Current rates, monthly payment tables, and the math on whether waiting for a rate drop actually saves money.

US Finance ·10 min read ·

The 30-year fixed mortgage rate averaged 6.43% in March 2026, according to the Freddie Mac Primary Mortgage Market Survey — down from the cycle high of 7.22% in early 2025 but still more than double the pandemic-era lows. For buyers and prospective buyers, the core question is unchanged: should you buy now or wait for rates to fall further?

The answer requires more than intuition. It requires knowing exactly what current rates cost, what a rate drop would actually save, and whether the math of waiting works out in your specific situation.

The key insight: A 0.5% rate difference on a $400K mortgage is $118/month and $42,500 over 30 years. That sounds large — but if waiting 12 months costs $24,000 in rent and prices rise 3%, the waiting strategy actually costs more. The math depends on your market.

Mortgage rate data from Freddie Mac Primary Mortgage Market Survey (PMMS), March 2026. Monthly payment calculations verified using the UtilsDaily Mortgage Calculator and Amortization Calculator.

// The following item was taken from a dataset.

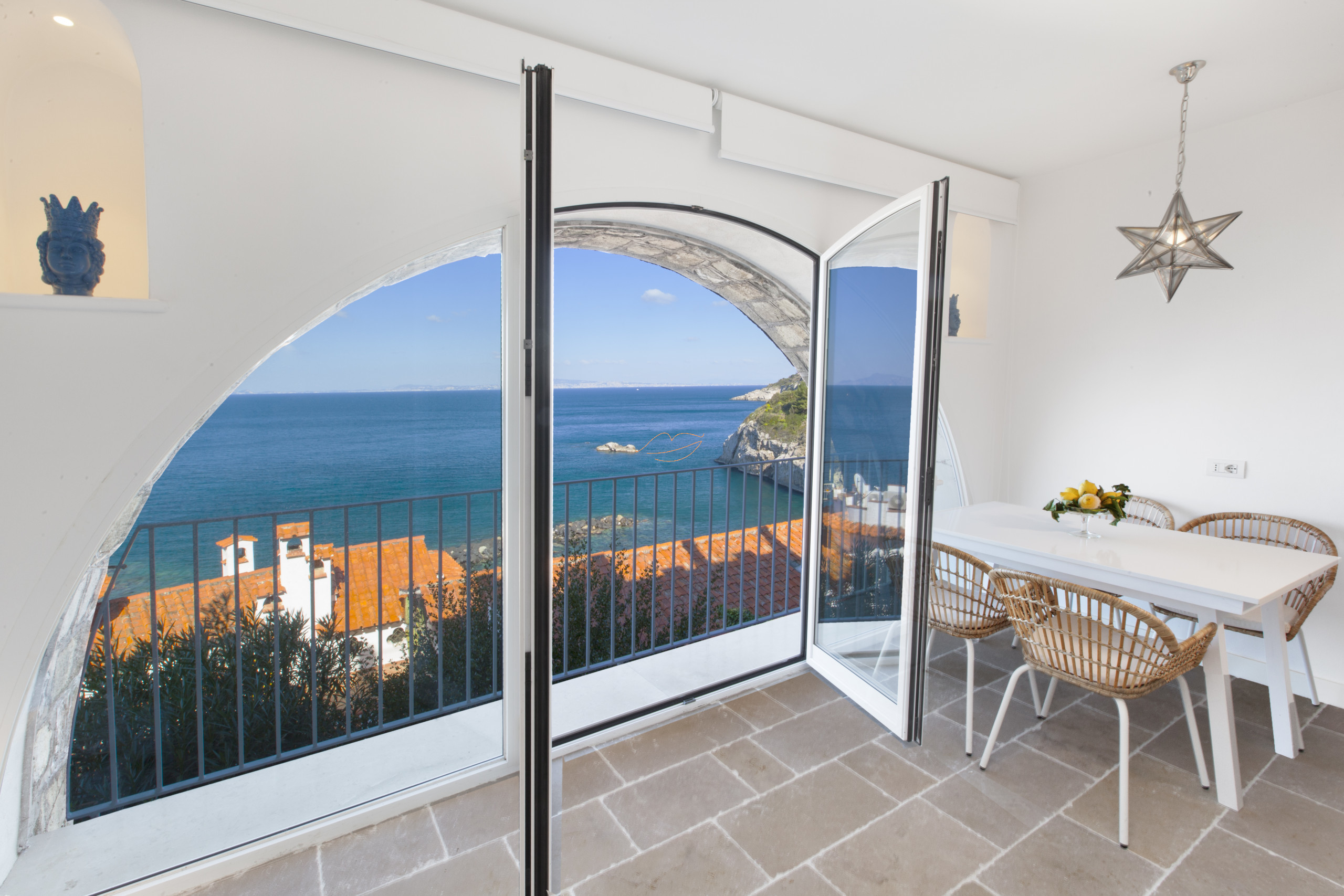 SAN MONTANO est une splendide riviera privée à quelques pas de Massa Lubrense et à moins de 10 minutes en voiture de Sorrente. La côte dispose d'une plage de galets gratuite avec possibilité de location de transats, transats et parasols. La position géographique unique lui permet d'avoir une vue à 360° sur le golfe, d'ici il est possible de voir Capri, Ischia et Procida en même temps. Le logement est entouré de villas de luxe appartenant à une petite élite.

Current 2026 Mortgage Rates

The Freddie Mac PMMS — the most widely cited weekly mortgage rate benchmark in the US — reported the following averages for the week of March 20, 2026:

  • 30-year fixed: 6.43%
  • 15-year fixed: 5.78%

These are national averages for conventional conforming loans. Your actual rate will vary based on credit score, down payment, loan type (conventional, FHA, VA, jumbo), lender, and property location. Borrowers with credit scores above 760 and down payments of 20%+ typically see rates 0.2–0.4% below the survey average.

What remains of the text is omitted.